What is needed — Only the lines from the one with "While at AdvoCare, I" to the end of the listing below should be set down, exactly as written and without any pictures.

Available data START

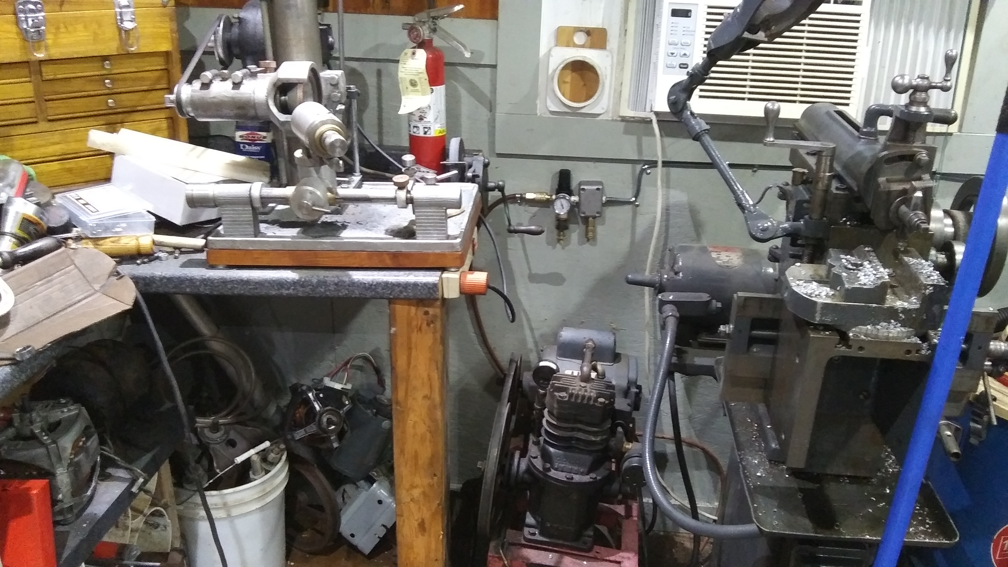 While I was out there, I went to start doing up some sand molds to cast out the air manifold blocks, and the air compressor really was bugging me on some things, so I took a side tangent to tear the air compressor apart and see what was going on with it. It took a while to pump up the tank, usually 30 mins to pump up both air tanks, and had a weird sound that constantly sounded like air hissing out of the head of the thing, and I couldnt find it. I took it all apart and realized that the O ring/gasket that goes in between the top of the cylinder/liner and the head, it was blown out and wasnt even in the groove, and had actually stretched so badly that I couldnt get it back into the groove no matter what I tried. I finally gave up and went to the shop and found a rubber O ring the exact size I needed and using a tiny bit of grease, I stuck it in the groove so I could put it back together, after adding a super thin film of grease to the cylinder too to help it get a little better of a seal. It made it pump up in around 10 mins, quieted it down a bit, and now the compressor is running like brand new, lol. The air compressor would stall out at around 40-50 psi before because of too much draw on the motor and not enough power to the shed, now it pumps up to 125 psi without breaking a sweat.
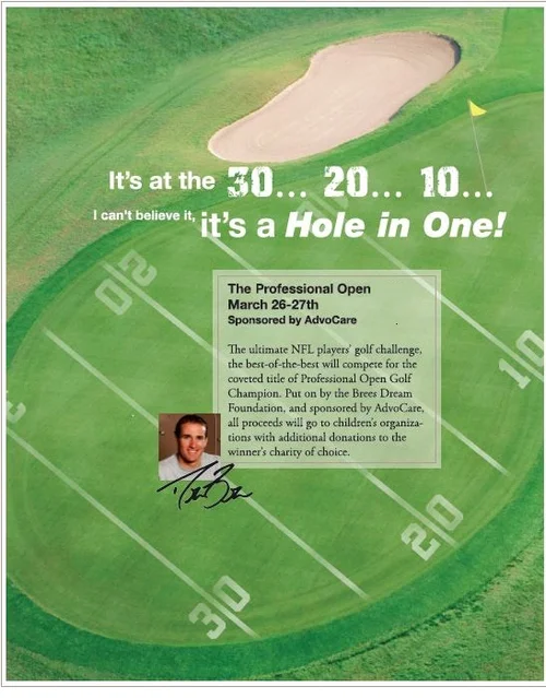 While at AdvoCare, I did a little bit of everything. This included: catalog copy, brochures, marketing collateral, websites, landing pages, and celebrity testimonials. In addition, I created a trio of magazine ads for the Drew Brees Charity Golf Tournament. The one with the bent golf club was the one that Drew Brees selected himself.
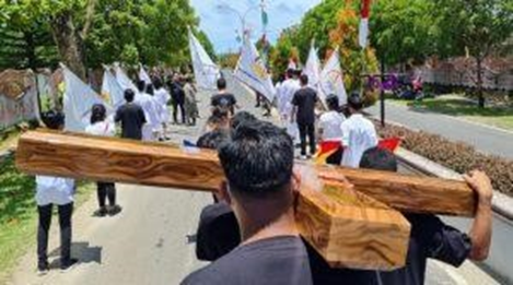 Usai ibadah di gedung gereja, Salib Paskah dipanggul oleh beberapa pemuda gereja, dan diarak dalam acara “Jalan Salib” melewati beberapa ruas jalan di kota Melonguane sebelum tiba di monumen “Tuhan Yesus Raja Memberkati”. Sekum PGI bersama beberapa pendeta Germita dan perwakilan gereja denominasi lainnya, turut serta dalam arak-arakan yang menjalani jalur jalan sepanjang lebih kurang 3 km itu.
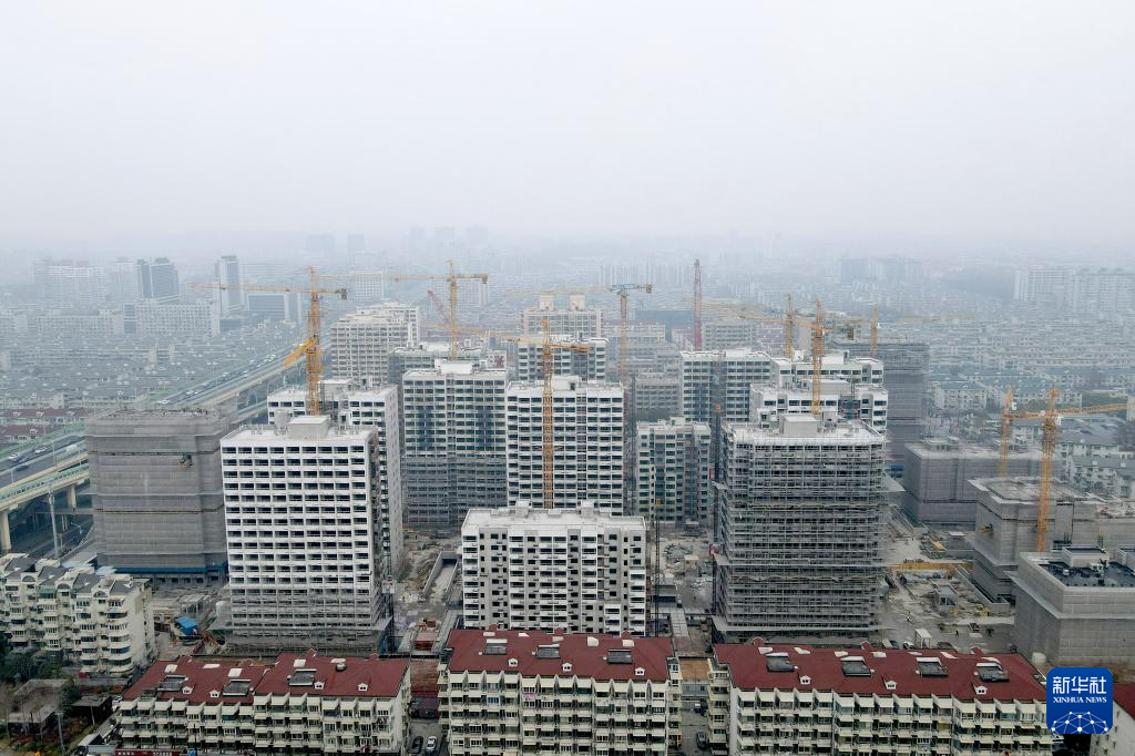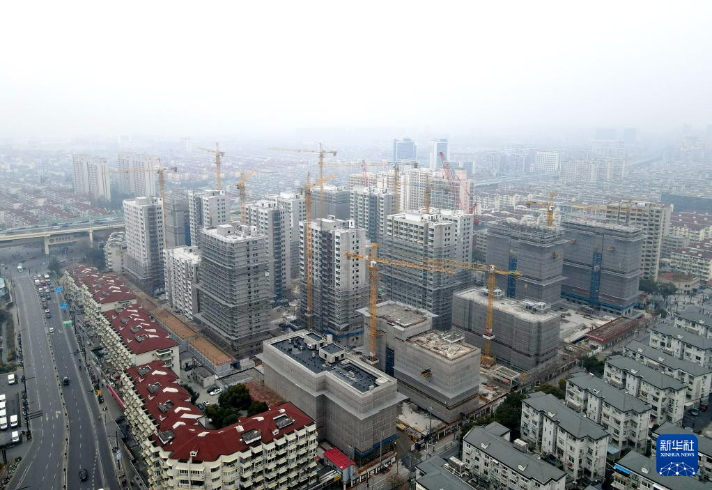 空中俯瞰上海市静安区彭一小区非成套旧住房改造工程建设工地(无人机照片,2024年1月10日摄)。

Available data END

Problem solution —
 While at AdvoCare, I did a little bit of everything. This included: catalog copy, brochures, marketing collateral, websites, landing pages, and celebrity testimonials. In addition, I created a trio of magazine ads for the Drew Brees Charity Golf Tournament. The one with the bent golf club was the one that Drew Brees selected himself.
 Usai ibadah di gedung gereja, Salib Paskah dipanggul oleh beberapa pemuda gereja, dan diarak dalam acara “Jalan Salib” melewati beberapa ruas jalan di kota Melonguane sebelum tiba di monumen “Tuhan Yesus Raja Memberkati”. Sekum PGI bersama beberapa pendeta Germita dan perwakilan gereja denominasi lainnya, turut serta dalam arak-arakan yang menjalani jalur jalan sepanjang lebih kurang 3 km itu.
 空中俯瞰上海市静安区彭一小区非成套旧住房改造工程建设工地(无人机照片,2024年1月10日摄)。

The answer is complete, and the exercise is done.